Work task
Return nothing but the lines from the line with "TEL: 905-509-0331 FAX: 905-509-0476" through the last line of the entries that follow, copied exactly and free of pictures.

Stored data
________
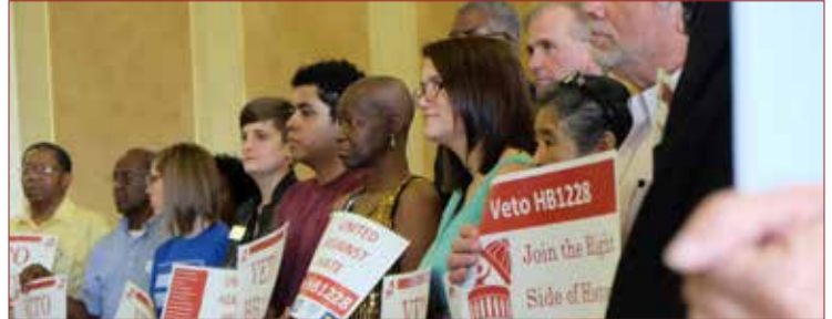
CFC press conference against HB1228.

Adds to the non-discrimination provisions of the Arkansas Civil Rights Act the right to be free from discrimination because of sexual orientation or gender identity.
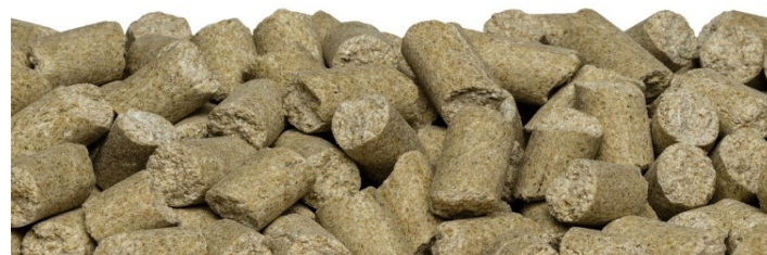
SAFE ® R01T-25
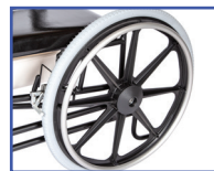
P60549 24" Pneumatic Street Tread Wheels (pair)
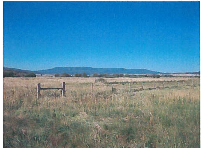
Figure 4: View from the northeast corner of the AM2 area, towards the southwest.
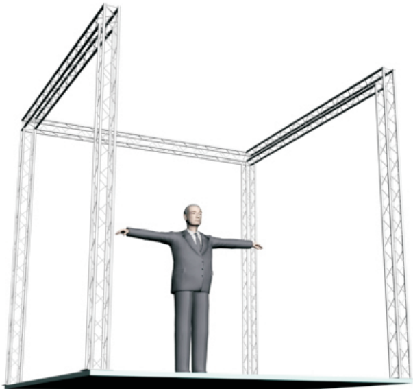
EXHIBIT AND DISPLAY TRUSS.COM

TEL: 905-509-0331 FAX: 905-509-0476 info@exhibitanddisplaytruss.com
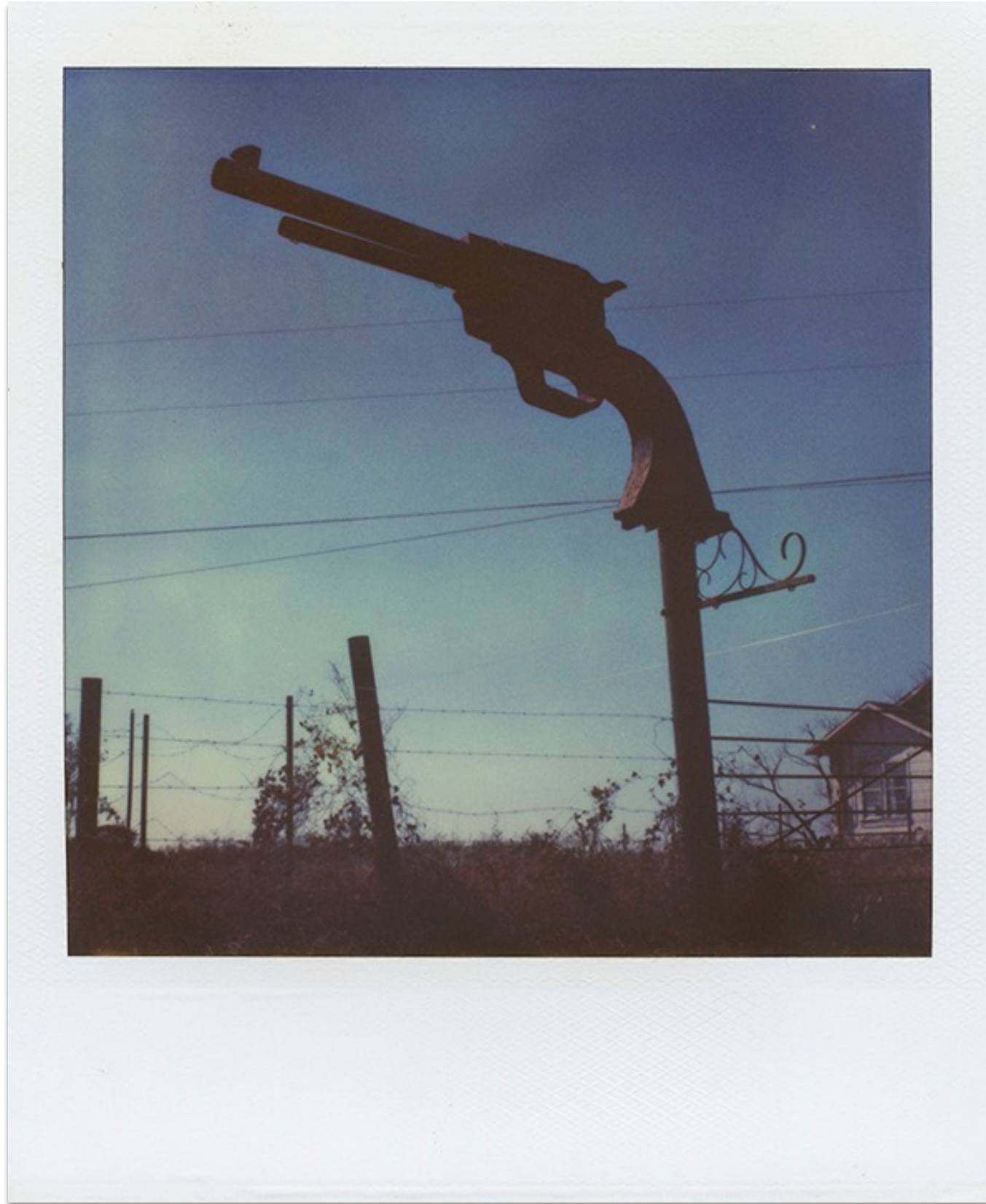
Mike Brodie | Pistol, Somewhere in Texas , 2012 Polaroid photograph, unique | 3 1/2 x 4 1/4 inches (8.9 x 10.8 cm)
________
Solution to the problem
TEL: 905-509-0331 FAX: 905-509-0476 info@exhibitanddisplaytruss.com
Mike Brodie | Pistol, Somewhere in Texas , 2012 Polaroid photograph, unique | 3 1/2 x 4 1/4 inches (8.9 x 10.8 cm)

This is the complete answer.